Required action
Omit the images and retype the records verbatim.

Excerpted records
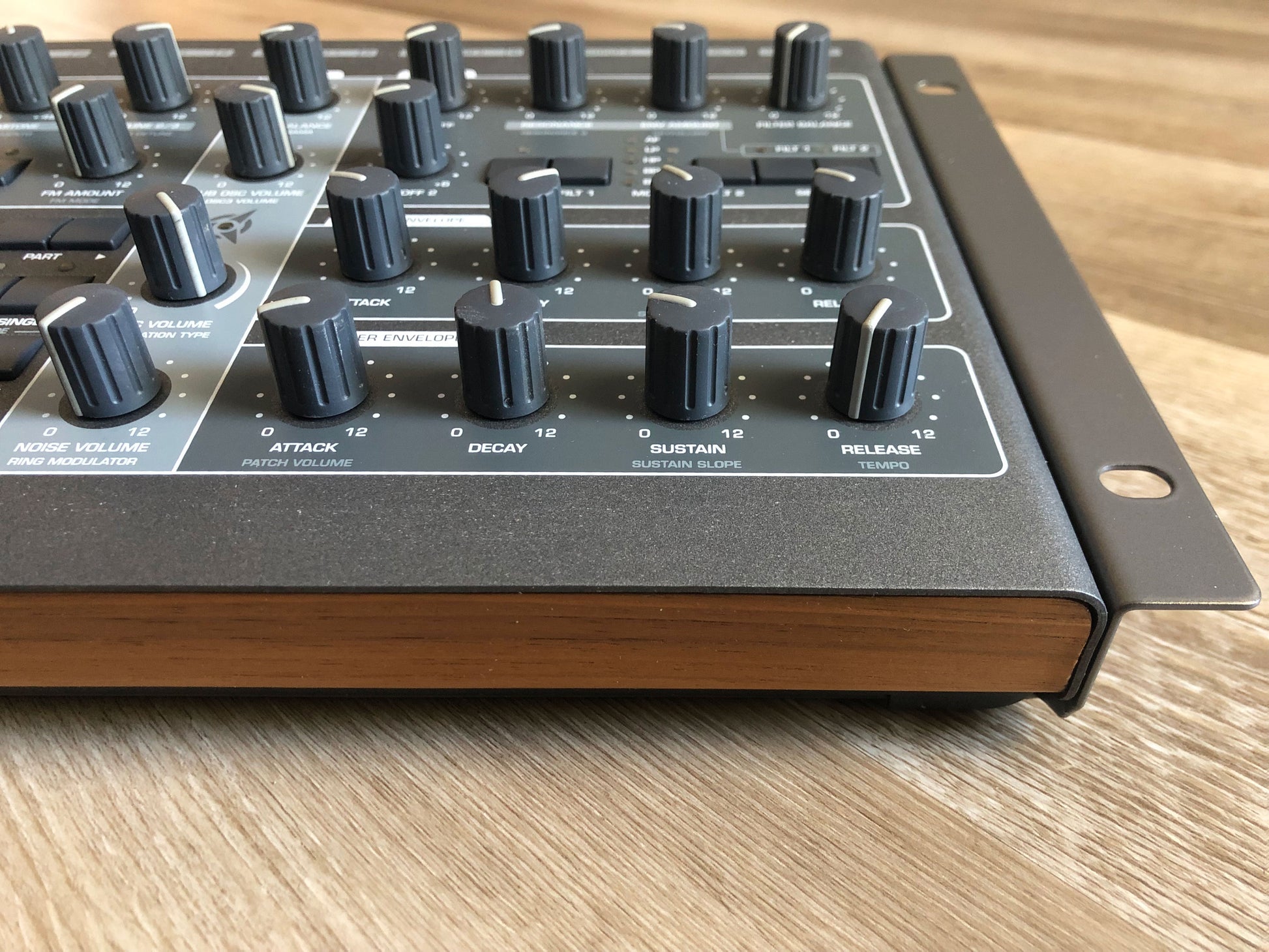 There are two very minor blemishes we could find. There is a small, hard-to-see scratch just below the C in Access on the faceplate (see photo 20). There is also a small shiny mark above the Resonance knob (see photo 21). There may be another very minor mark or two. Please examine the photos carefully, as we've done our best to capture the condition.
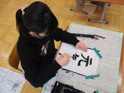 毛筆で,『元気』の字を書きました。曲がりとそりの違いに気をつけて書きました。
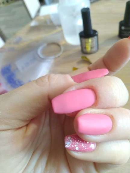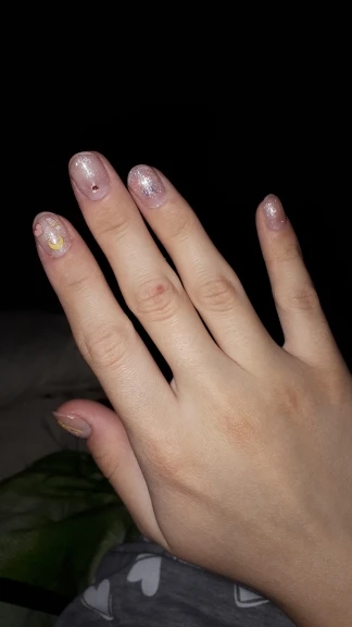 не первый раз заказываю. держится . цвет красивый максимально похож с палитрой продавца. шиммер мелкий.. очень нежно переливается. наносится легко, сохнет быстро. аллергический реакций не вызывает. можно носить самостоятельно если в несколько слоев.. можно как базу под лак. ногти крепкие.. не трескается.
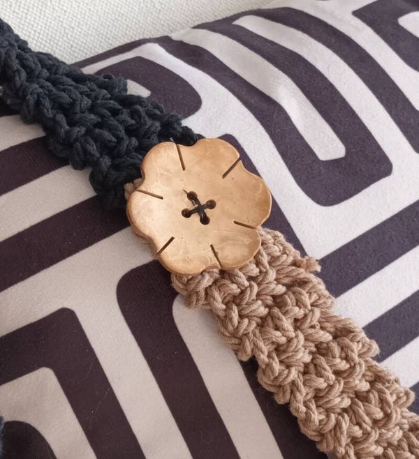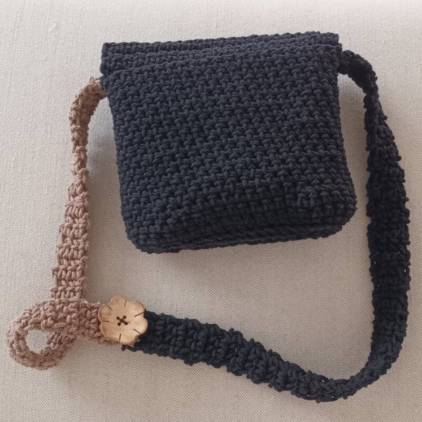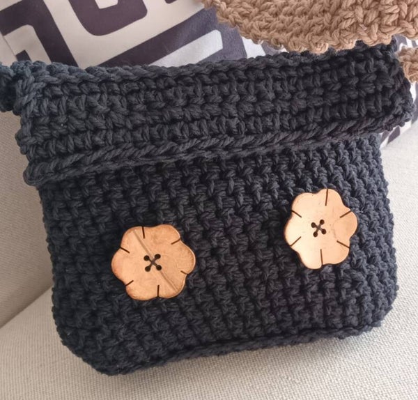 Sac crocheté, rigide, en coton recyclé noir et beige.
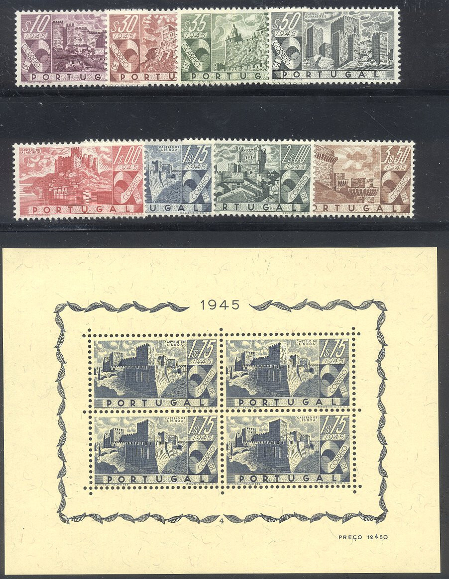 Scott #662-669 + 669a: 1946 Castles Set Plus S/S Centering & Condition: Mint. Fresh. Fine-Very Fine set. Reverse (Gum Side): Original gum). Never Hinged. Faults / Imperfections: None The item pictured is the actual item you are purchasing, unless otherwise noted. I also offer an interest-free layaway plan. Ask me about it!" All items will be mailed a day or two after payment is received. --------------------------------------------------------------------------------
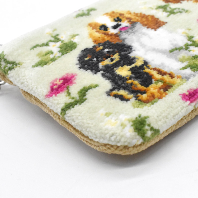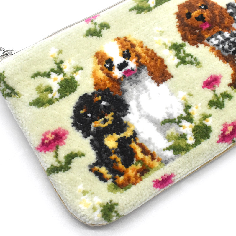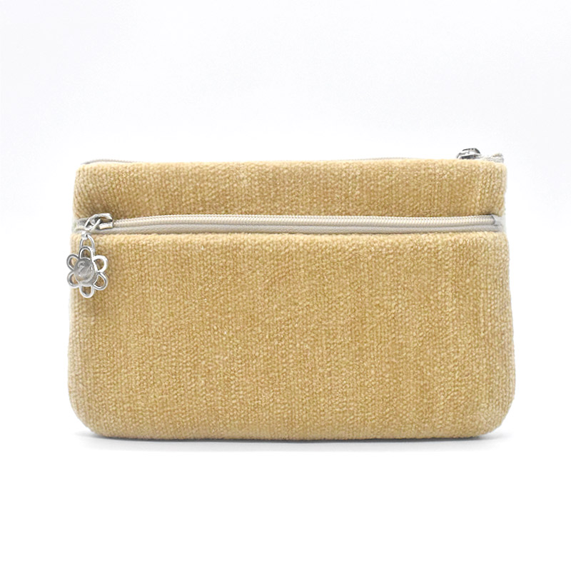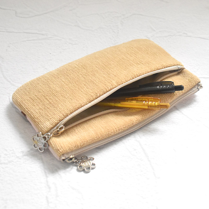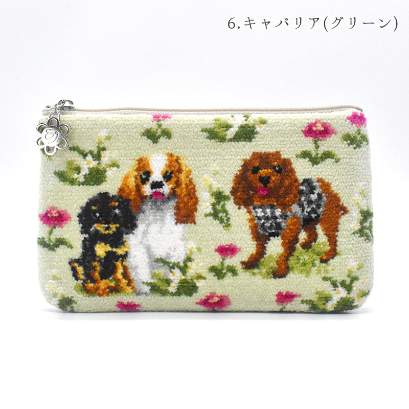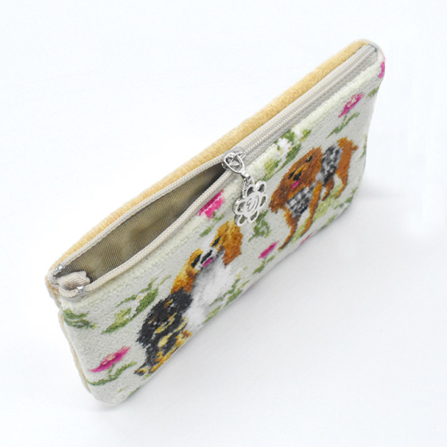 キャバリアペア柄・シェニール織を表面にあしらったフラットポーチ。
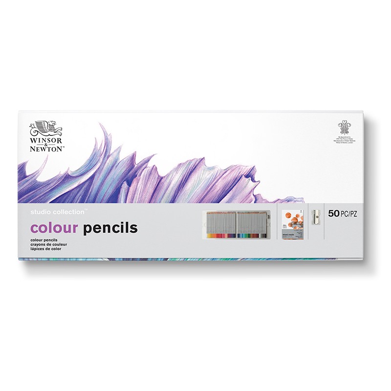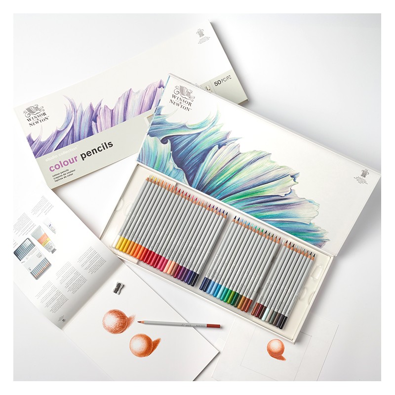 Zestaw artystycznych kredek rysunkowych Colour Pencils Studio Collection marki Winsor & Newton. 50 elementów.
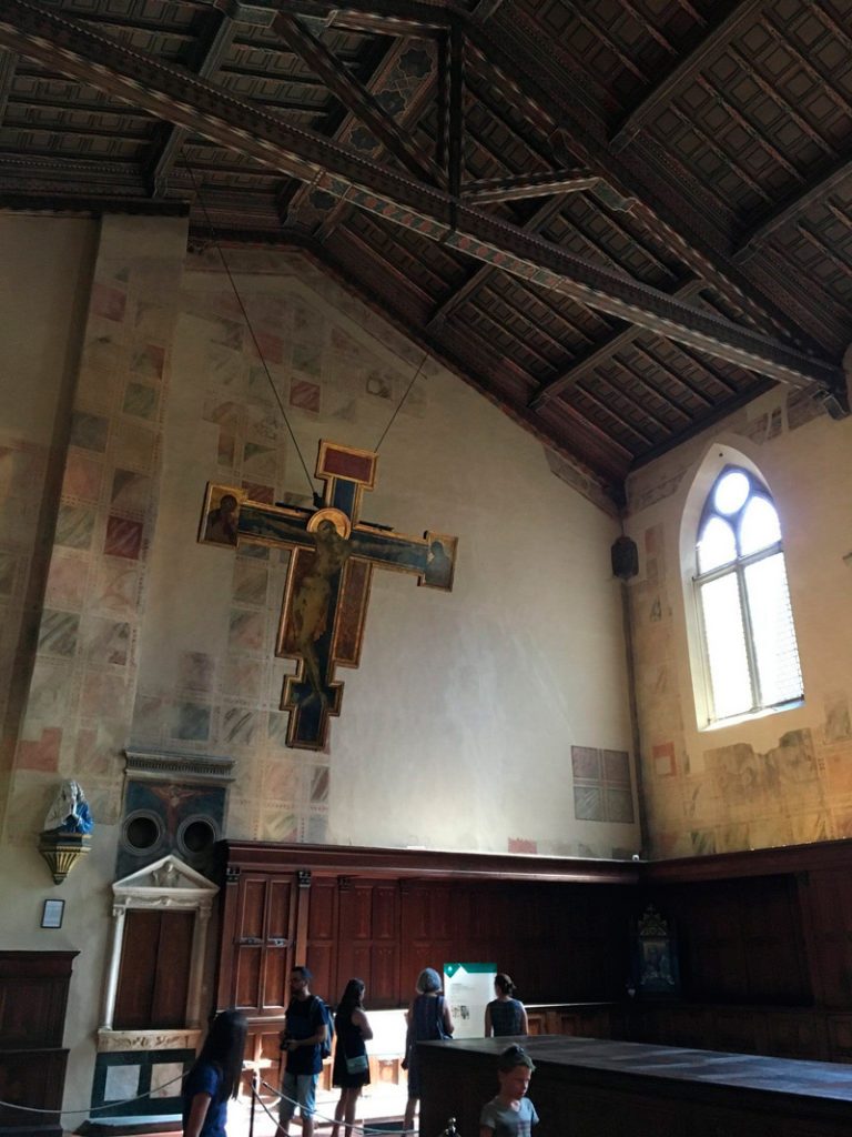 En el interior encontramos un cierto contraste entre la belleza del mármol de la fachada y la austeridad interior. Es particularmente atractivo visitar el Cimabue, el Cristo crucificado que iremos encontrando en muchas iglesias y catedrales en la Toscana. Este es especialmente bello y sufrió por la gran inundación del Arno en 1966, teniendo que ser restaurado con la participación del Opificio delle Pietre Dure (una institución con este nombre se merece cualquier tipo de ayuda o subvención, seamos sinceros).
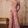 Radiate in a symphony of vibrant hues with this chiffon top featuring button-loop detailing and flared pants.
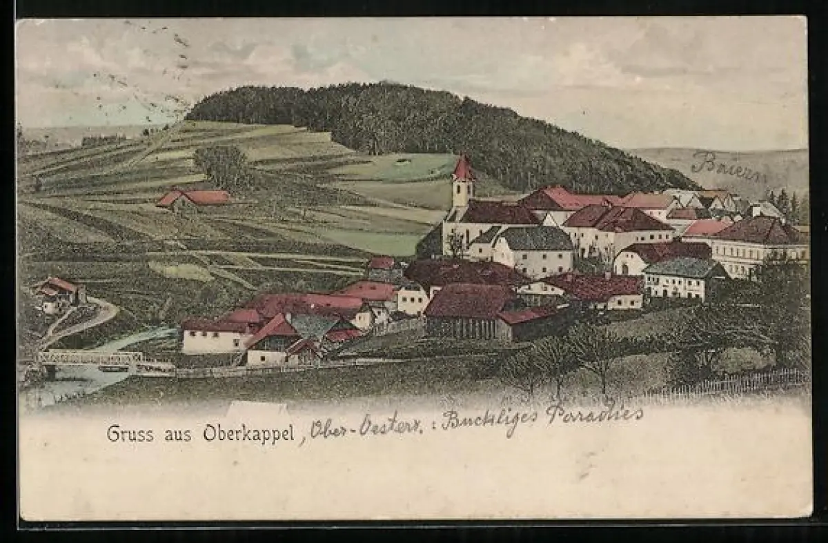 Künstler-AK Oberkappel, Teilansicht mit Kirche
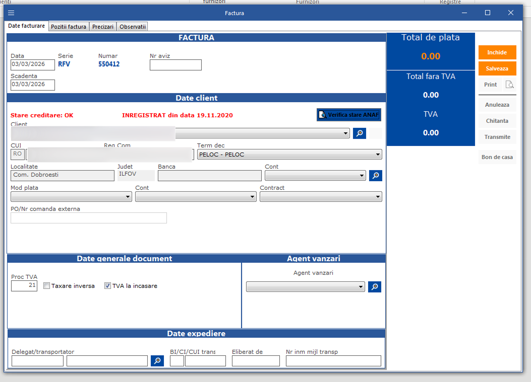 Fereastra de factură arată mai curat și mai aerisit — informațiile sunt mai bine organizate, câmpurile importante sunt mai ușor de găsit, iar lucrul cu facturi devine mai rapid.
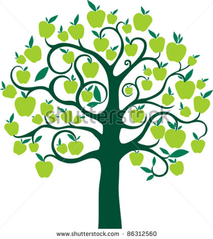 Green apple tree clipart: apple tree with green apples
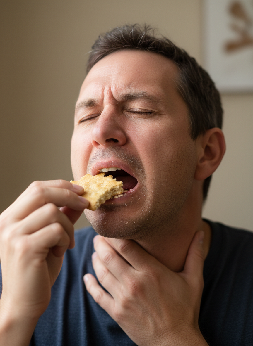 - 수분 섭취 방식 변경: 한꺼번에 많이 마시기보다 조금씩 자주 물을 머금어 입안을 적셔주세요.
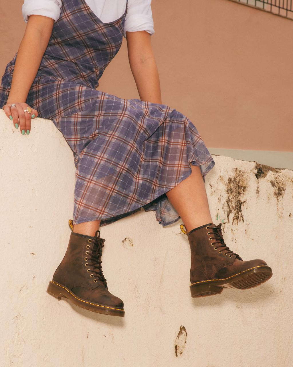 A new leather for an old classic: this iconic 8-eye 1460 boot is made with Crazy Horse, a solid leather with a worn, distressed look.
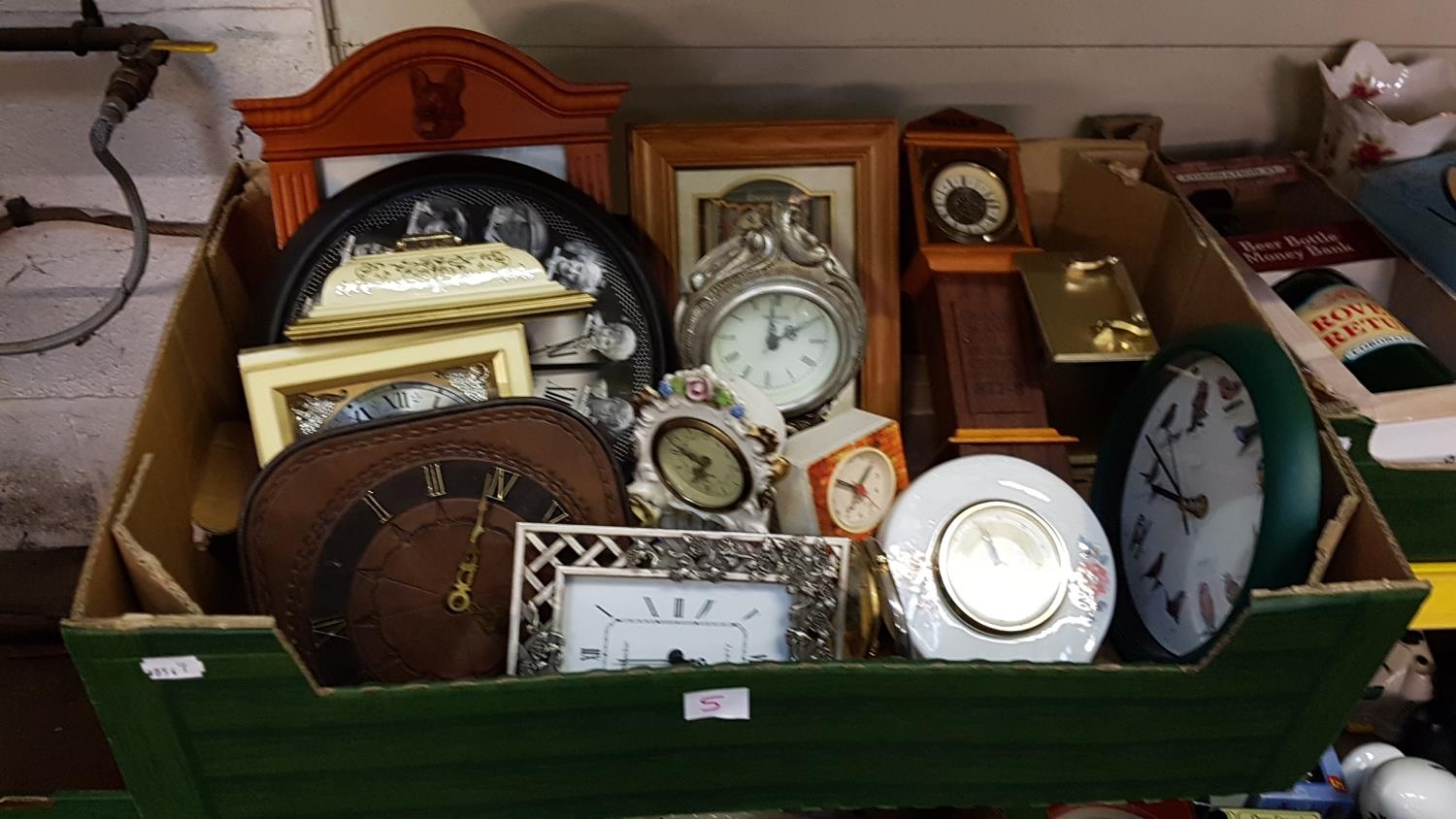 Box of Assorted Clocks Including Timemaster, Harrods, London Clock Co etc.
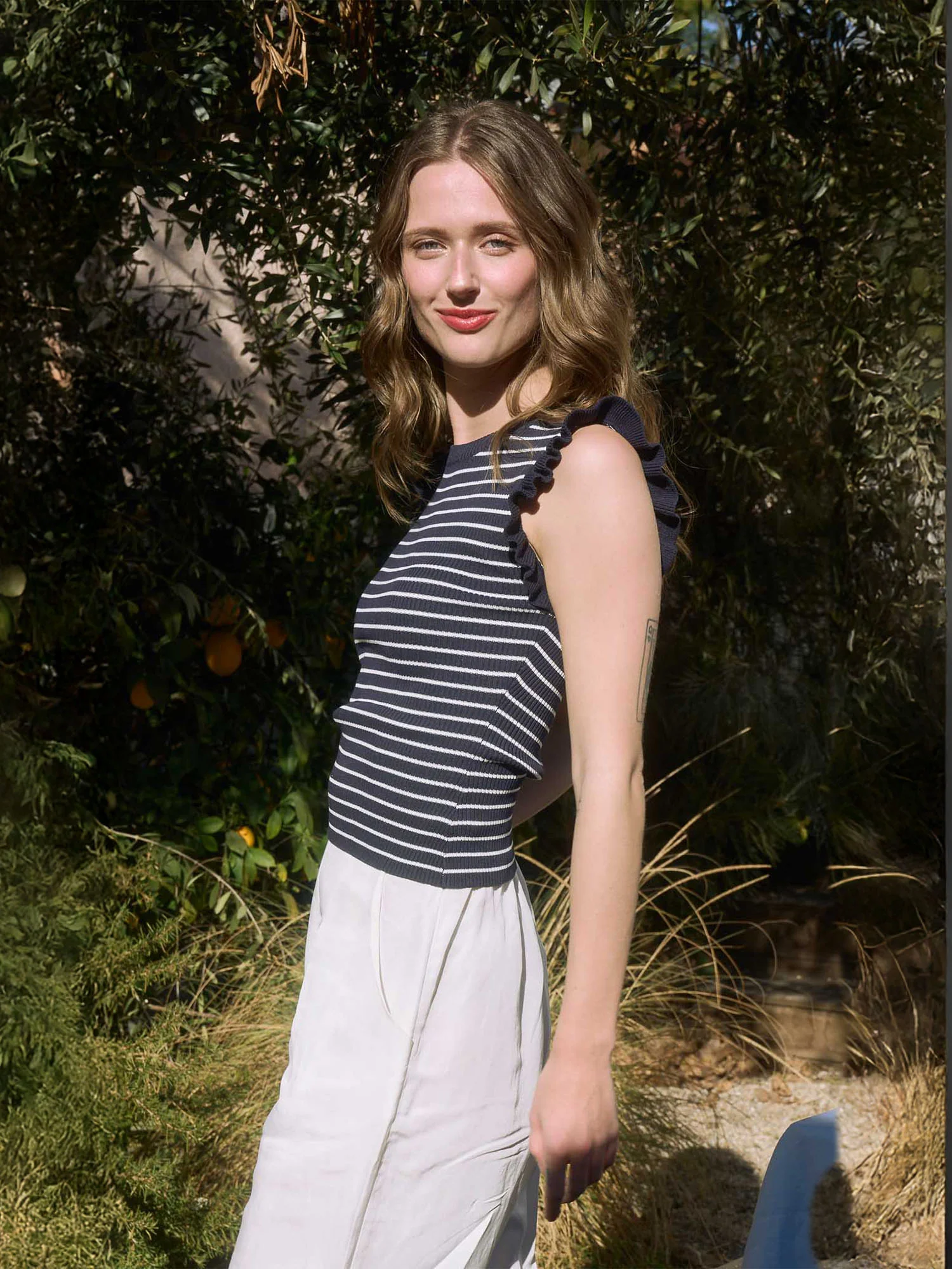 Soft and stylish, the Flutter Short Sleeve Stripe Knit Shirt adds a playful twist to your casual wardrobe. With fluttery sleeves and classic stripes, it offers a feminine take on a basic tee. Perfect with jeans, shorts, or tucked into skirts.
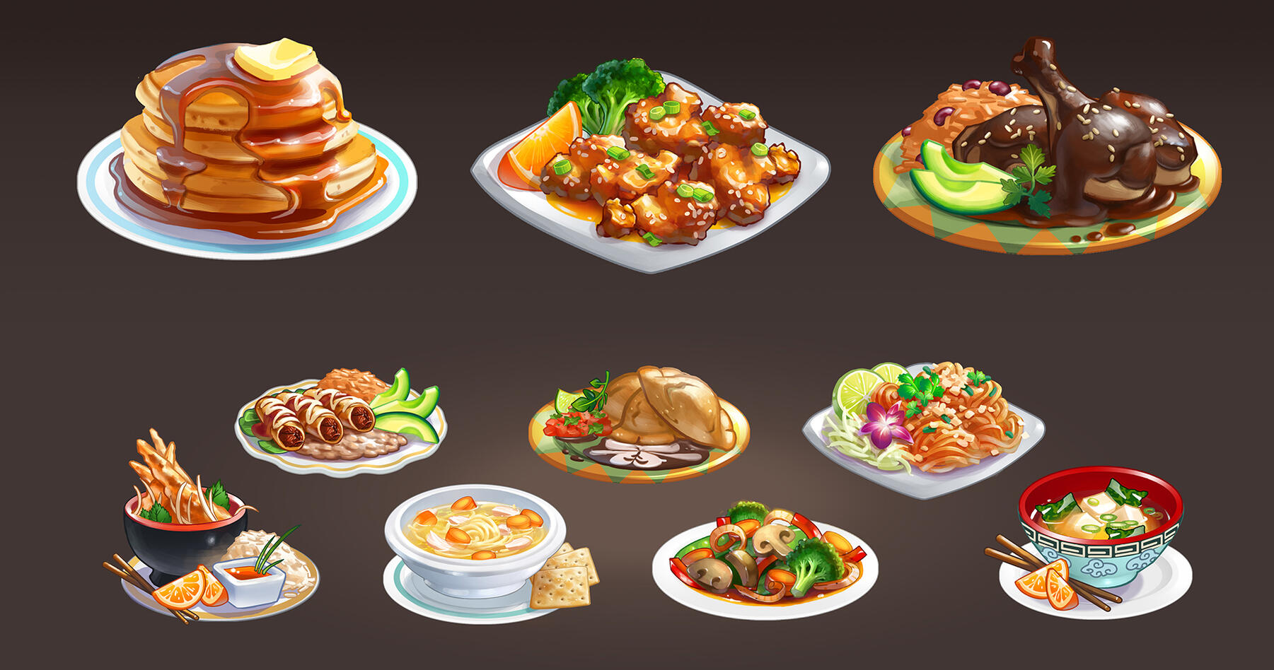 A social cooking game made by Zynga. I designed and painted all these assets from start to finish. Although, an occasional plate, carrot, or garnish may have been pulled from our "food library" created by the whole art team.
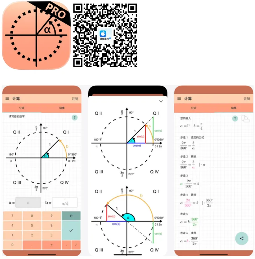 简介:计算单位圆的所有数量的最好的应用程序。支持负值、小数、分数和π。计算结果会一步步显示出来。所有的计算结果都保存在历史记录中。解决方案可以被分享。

Written response
 There are two very minor blemishes we could find. There is a small, hard-to-see scratch just below the C in Access on the faceplate (see photo 20). There is also a small shiny mark above the Resonance knob (see photo 21). There may be another very minor mark or two. Please examine the photos carefully, as we've done our best to capture the condition.
 毛筆で,『元気』の字を書きました。曲がりとそりの違いに気をつけて書きました。
 не первый раз заказываю. держится . цвет красивый максимально похож с палитрой продавца. шиммер мелкий.. очень нежно переливается. наносится легко, сохнет быстро. аллергический реакций не вызывает. можно носить самостоятельно если в несколько слоев.. можно как базу под лак. ногти крепкие.. не трескается.
 Sac crocheté, rigide, en coton recyclé noir et beige.
 Scott #662-669 + 669a: 1946 Castles Set Plus S/S Centering & Condition: Mint. Fresh. Fine-Very Fine set. Reverse (Gum Side): Original gum). Never Hinged. Faults / Imperfections: None The item pictured is the actual item you are purchasing, unless otherwise noted. I also offer an interest-free layaway plan. Ask me about it!" All items will be mailed a day or two after payment is received. --------------------------------------------------------------------------------
 キャバリアペア柄・シェニール織を表面にあしらったフラットポーチ。
 Zestaw artystycznych kredek rysunkowych Colour Pencils Studio Collection marki Winsor & Newton. 50 elementów.
 En el interior encontramos un cierto contraste entre la belleza del mármol de la fachada y la austeridad interior. Es particularmente atractivo visitar el Cimabue, el Cristo crucificado que iremos encontrando en muchas iglesias y catedrales en la Toscana. Este es especialmente bello y sufrió por la gran inundación del Arno en 1966, teniendo que ser restaurado con la participación del Opificio delle Pietre Dure (una institución con este nombre se merece cualquier tipo de ayuda o subvención, seamos sinceros).
 Radiate in a symphony of vibrant hues with this chiffon top featuring button-loop detailing and flared pants.
 Künstler-AK Oberkappel, Teilansicht mit Kirche
 Fereastra de factură arată mai curat și mai aerisit — informațiile sunt mai bine organizate, câmpurile importante sunt mai ușor de găsit, iar lucrul cu facturi devine mai rapid.
 Green apple tree clipart: apple tree with green apples
 - 수분 섭취 방식 변경: 한꺼번에 많이 마시기보다 조금씩 자주 물을 머금어 입안을 적셔주세요.
 A new leather for an old classic: this iconic 8-eye 1460 boot is made with Crazy Horse, a solid leather with a worn, distressed look.
 Box of Assorted Clocks Including Timemaster, Harrods, London Clock Co etc.
 Soft and stylish, the Flutter Short Sleeve Stripe Knit Shirt adds a playful twist to your casual wardrobe. With fluttery sleeves and classic stripes, it offers a feminine take on a basic tee. Perfect with jeans, shorts, or tucked into skirts.
 A social cooking game made by Zynga. I designed and painted all these assets from start to finish. Although, an occasional plate, carrot, or garnish may have been pulled from our "food library" created by the whole art team.
 简介:计算单位圆的所有数量的最好的应用程序。支持负值、小数、分数和π。计算结果会一步步显示出来。所有的计算结果都保存在历史记录中。解决方案可以被分享。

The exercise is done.